**Study material:**
------------

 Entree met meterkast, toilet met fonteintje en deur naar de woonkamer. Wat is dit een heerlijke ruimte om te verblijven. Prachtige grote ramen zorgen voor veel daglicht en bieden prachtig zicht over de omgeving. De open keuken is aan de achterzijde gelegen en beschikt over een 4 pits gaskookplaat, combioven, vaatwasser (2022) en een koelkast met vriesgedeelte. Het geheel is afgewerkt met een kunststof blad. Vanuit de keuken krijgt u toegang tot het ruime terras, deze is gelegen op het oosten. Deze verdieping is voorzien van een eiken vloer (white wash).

------------

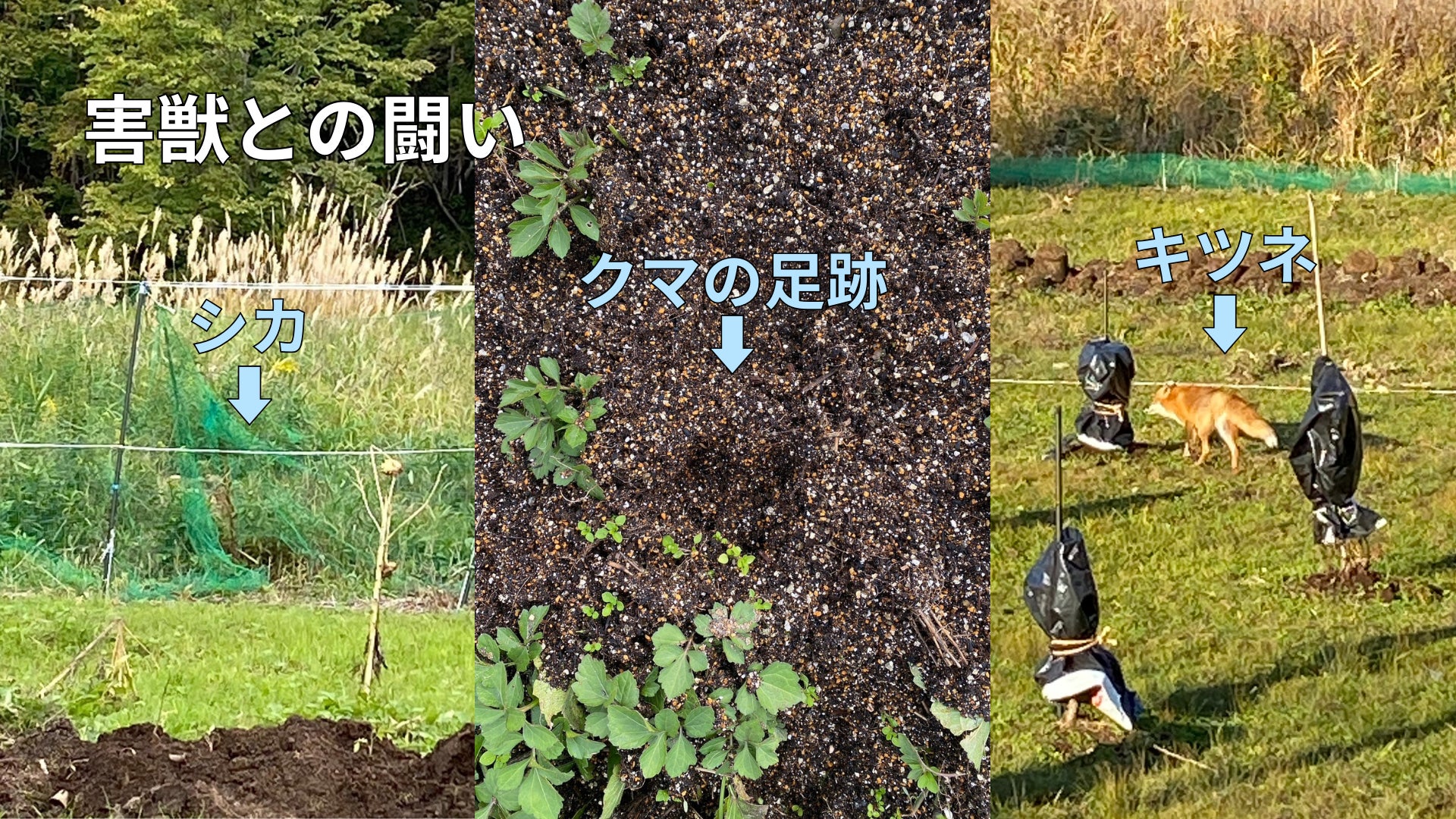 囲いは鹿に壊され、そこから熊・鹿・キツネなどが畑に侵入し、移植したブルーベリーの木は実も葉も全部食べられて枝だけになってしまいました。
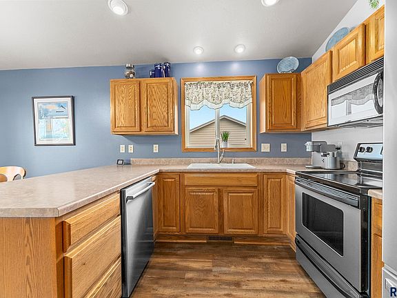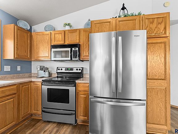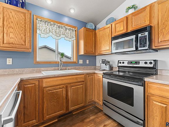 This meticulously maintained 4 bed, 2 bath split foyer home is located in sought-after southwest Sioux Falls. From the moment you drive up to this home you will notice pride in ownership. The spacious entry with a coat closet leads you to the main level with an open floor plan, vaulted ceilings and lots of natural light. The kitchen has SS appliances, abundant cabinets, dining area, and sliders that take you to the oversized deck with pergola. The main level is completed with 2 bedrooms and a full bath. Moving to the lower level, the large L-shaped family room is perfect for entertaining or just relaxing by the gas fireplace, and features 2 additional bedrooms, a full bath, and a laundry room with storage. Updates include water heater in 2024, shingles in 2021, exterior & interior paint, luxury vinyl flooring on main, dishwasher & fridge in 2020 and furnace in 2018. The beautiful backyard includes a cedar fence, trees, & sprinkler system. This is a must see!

------------

**Try it:** The lines to set down run from the line with "囲いは鹿に壊され、そこから熊" up to and including the line with "This meticulously maintained" in the entries above. Reproduce them exactly, with no pictures.

**Exercise solution:**
 囲いは鹿に壊され、そこから熊・鹿・キツネなどが畑に侵入し、移植したブルーベリーの木は実も葉も全部食べられて枝だけになってしまいました。
 This meticulously maintained 4 bed, 2 bath split foyer home is located in sought-after southwest Sioux Falls. From the moment you drive up to this home you will notice pride in ownership. The spacious entry with a coat closet leads you to the main level with an open floor plan, vaulted ceilings and lots of natural light. The kitchen has SS appliances, abundant cabinets, dining area, and sliders that take you to the oversized deck with pergola. The main level is completed with 2 bedrooms and a full bath. Moving to the lower level, the large L-shaped family room is perfect for entertaining or just relaxing by the gas fireplace, and features 2 additional bedrooms, a full bath, and a laundry room with storage. Updates include water heater in 2024, shingles in 2021, exterior & interior paint, luxury vinyl flooring on main, dishwasher & fridge in 2020 and furnace in 2018. The beautiful backyard includes a cedar fence, trees, & sprinkler system. This is a must see!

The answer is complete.